The assailant, identified as 37-year-old Mamoru Takuma, was believed to
have a history of psychological problems. In the end he turned the knife
on himself but suffered only superficial wounds. He was captured by police
immediately after the attack and hospitalized.
''Heartbreaking,'' was how Prime Minister Junichiro Koizumi
characterized the killings, a sentiment shared by many Japanese, who until
recent years had rarely known such brutal crimes. Today, however, the
crime rate stands at a 23-year high (although still much lower than US
rates), and every few months, after another heinous killing, Japan engages
in national soul-searching about what has gone wrong.
With strict gun-control laws, most slayings, in Japan, like this one,
are committed with knives.
About 10:15 yesterday morning (9:15 p.m. Thursday EST), police and
witnesses said, Takuma entered a second-grade classroom in the school in
the western Japanese town of Ikeda and began systematically knifing
pupils. He chased children who fled into the hallway, then moved on to a
first-grade classroom.
One first-grade girl said she saw the knife-wielding man run into the
classroom. ''He came in running, rushing, breathing so hard. There were
three boys standing nearby the blackboard and they were cut with the
knife,'' she told Japan's NHK television. ''I was so frightened. I ran
away.''
Many of the pupils had multiple knife wounds, mostly in the back and
stomach. The attack lasted an estimated 10 minutes. The attacker was
finally subdued by several teachers.
Police were alerted when a handful of pupils fled to a nearby
supermarket for help. ''One boy's back was covered with blood, and he
collapsed in front of the cash register. His lips were deathly pale, and
he could hardly speak,'' a supermarket employee told the Kyodo News
Agency.
Police said the alleged assailant, who was taken from the scene in the
back of a police car, his face concealed from cameras by a blue cloth, had
been under the care of a psychiatrist. He told interrogators that before
the attack he had taken 10 times his normal dose of antidepressants.
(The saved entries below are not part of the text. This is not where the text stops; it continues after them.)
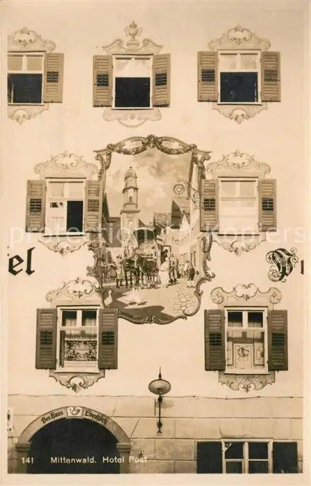 Mittenwald_Bayern Hotel Post Mittenwald Bayern postalisch nicht gelaufen 1921-1965 Erhaltung siehe scans [WerneD78] WernPID7
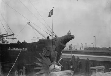 | Keywords: IMPERATOR's damaged Eagle (LOC).jpg w SS Imperator ' s damaged Eagle SS Imperator an ocean liner of the Hamburg America Line Wings of figurehead were destroyed by a storm in 1914 George Grantham Bain Collection Library of Congress Prints and Photographs Division Washington D C 20540 USA Call Number http //hdl loc gov/loc pnp/ggbain 15759 hdl loc gov/loc pnp/ggbain 15759 LC-B2- 3024-14<br/> Uploaded from Flickr Commons project http //www flickr com/photos/library_of_congress/5169604308/ IMPERATOR's damaged Eagle LOC ~ 1914 Publisher Bain News Service LOC-image ggbain 15759 PD-Bain The Library of Congress http //flickr com/photos/8623220 N02/5169604308 17 15 12 November 2010 UTC pd Figureheads Imperator ship 1913 |
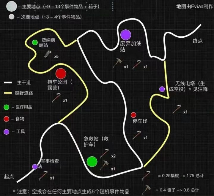 注意:若空投刷出食物补给(最烂的),由于营地给的食物较少,则可能需要额外刷食物小地点,一次停车场为3食物。
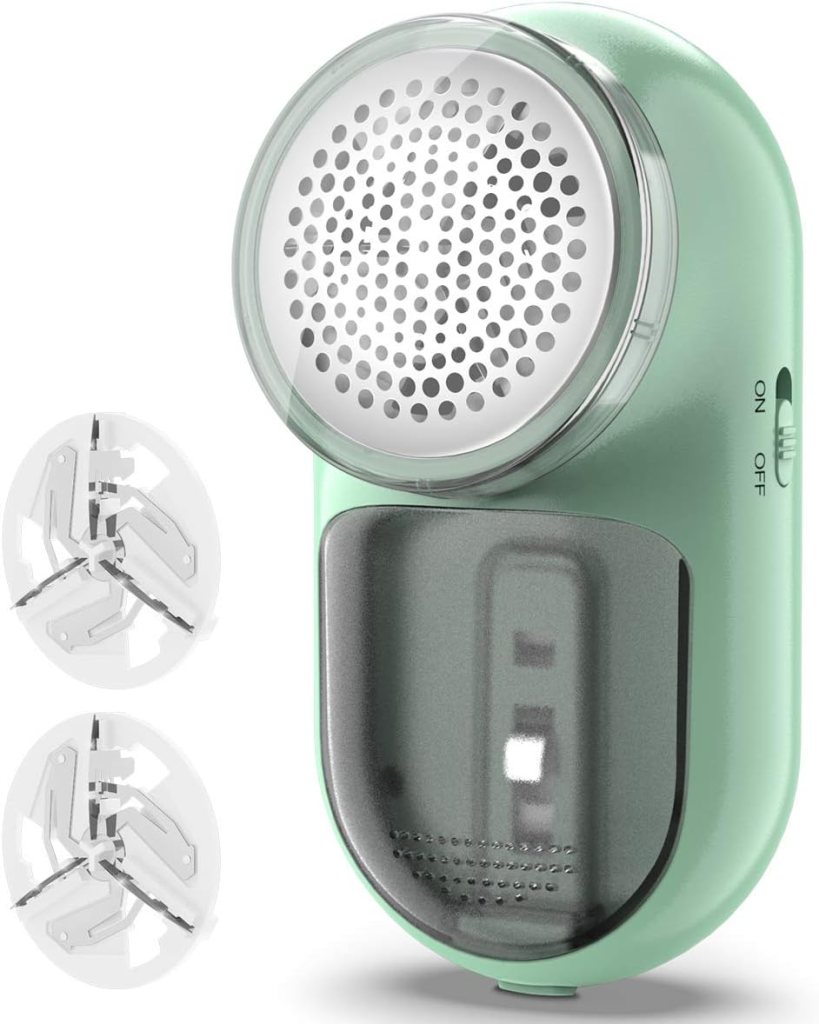 This one is my favourite; it’s chargeable, so I can take it with me when I travel, and it’s got a cashmere brush on the back. It also vacuums up the shaved wool, so you can see how much was taken off. When using this, I recommend you pay extra attention to the bottom of sleeves (near the wrists), around the neck, and under arms, as these areas see a lot of movement and are prone to pilling. Works great on cotton pillow cases and older sofas, too!
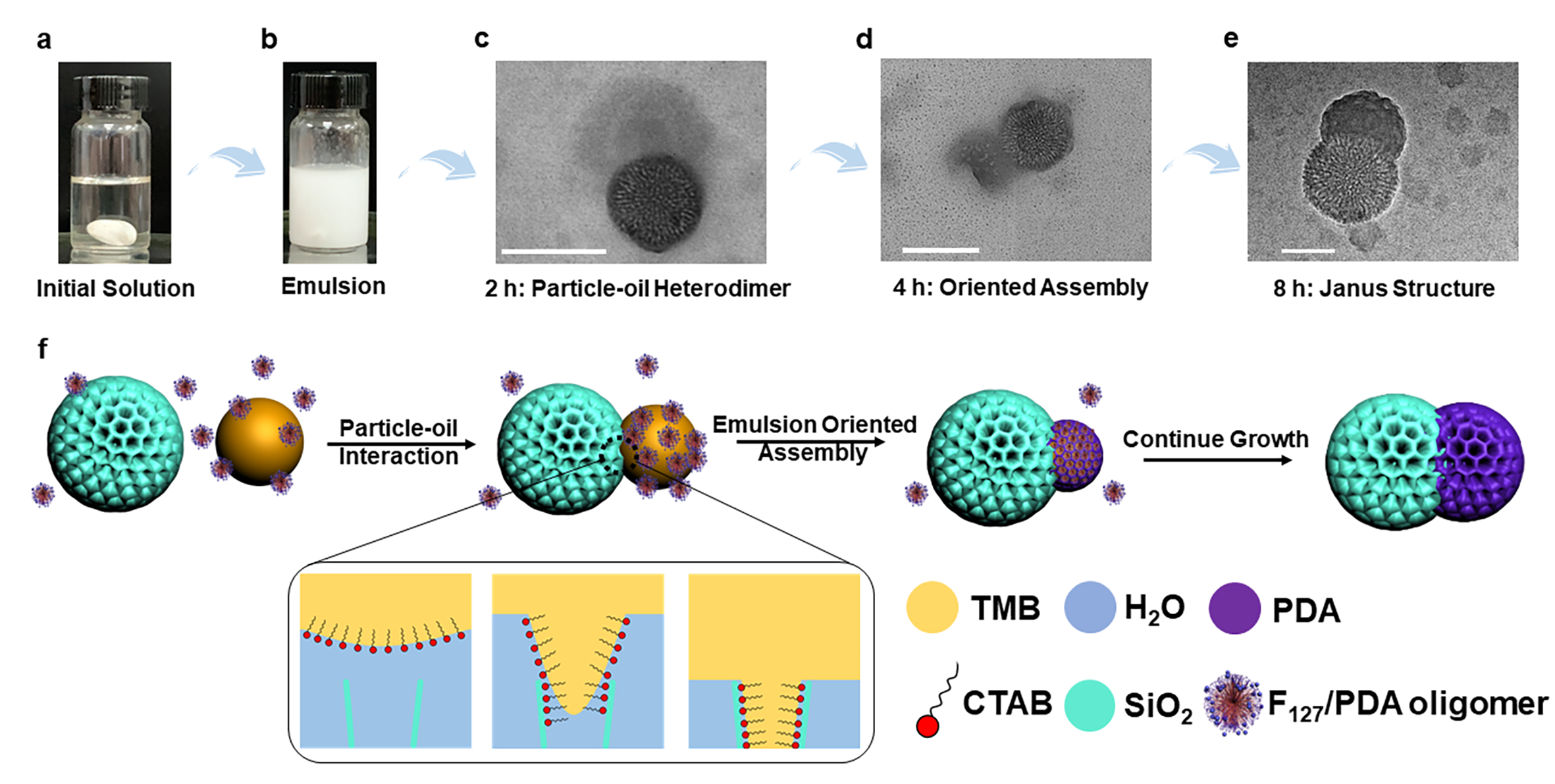 Figure 1. Mechanism of the emulsion-orientated assembly process. Digital photos of the reaction solution a) before and b) after the addition of TMB. TEM images of the products obtained by directly dropping the reaction mixture on the copper mesh at c) 2 h, d) 4 h and e) 8 h. Schematic illustration of the emulsion-directed oriental assembly approach for the fabrication of the dual-mesoporous Janus MSN&mPDA double-spherical nanoparticles. Scale bar: 200 nm for c and d, 100 nm for e.

Otherwise, his statements were incoherent, according to reports.
''This is another case that continues to shatter the safety myth of
this country,'' said social commentator Yuko Kawanishi. ''And of all
places, this happened in an elementary school. It's indescribably
shocking.''
''A social trust has been breached,'' she added.
The last time Japan was faced with a slaying in a school was in 1999,
when a 21-year-old man entered the grounds of an elementary school in
Kyoto and stabbed a second-grader to death.
Schools and students in Japan enjoy an openness and freedom that long
ago vanished in the United States. Schools are easily accessible to the
public, and pupils as young as 6 take the subway by themselves. Now,
Japanese worry they may have to turn their schools into fortresses.
Japan has been faced with a rising tide of violence over the last year,
including stabbings, beatings, a hijacking, and most recently, the beating
death of two men in cases of ''subway rage'' on crowded commuter trains.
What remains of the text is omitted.